By Kristen Green
UNION-TRIBUNE STAFF WRITER
August 2, 2002
Jurors in the David Westerfield trial rolled their eyes, sighed loudly and slumped in apparent exasperation as the fourth bug expert in the case testified yesterday.
But they may be done with insects.
Entomologist Robert D. Hall, an associate vice provost at the University of Missouri, might have been the last witness in the case. At most, the jury will sit through one more scientist's testimony.
The defense may call a forensic anthropologist as its final witness Tuesday. If lead defense attorney Steven Feldman decides not to summon the witness, Judge William Mudd will instruct jurors on legal issues and the prosecution will begin its closing arguments.
Until yesterday, the jury of 12 jurors and six alternates listened attentively to eight weeks of evidence in the capital murder case. Westerfield, 50, is being tried on charges he kidnapped and killed his 7-year-old neighbor, Danielle van Dam.
Prosecutor Jeff Dusek became increasingly testy with Hall as the afternoon progressed. Several jurors appeared disgruntled after Hall repeatedly asked if he'd understood Dusek's questions correctly, and then refused to directly answer them.
Soon after a few jurors let out audible sighs, Dusek ended his questioning.
The condition of Danielle's body has become a key issue in the case, with the defense claiming the insect evidence makes it impossible for Westerfield to have committed the crimes.
Hall testified that insects had access to Danielle van Dam's body between Feb. 12 and Feb. 23.
The girl was reported missing by her parents Feb. 2, after her mother went to wake her and found she wasn't in bed.
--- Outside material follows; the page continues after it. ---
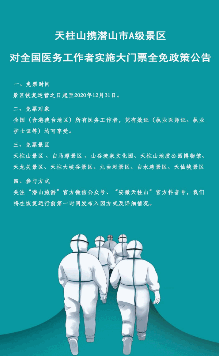 天柱山攜潛山市A級(jí)景區(qū)對(duì)全國醫(yī)務(wù)工作者實(shí)施大門票全免政策公告

Her nude body was discovered 25 days later off rural Dehesa Road in East County.
Westerfield's lawyers are trying to show their client couldn't have dumped the 7-year-old's body because he became a suspect by Feb. 5 and was under constant police surveillance.
Hall said insects are "extremely resilient" to drought, calling into question earlier testimony by prosecution witnesses that low fly populations might have affected the number of insects found on her body.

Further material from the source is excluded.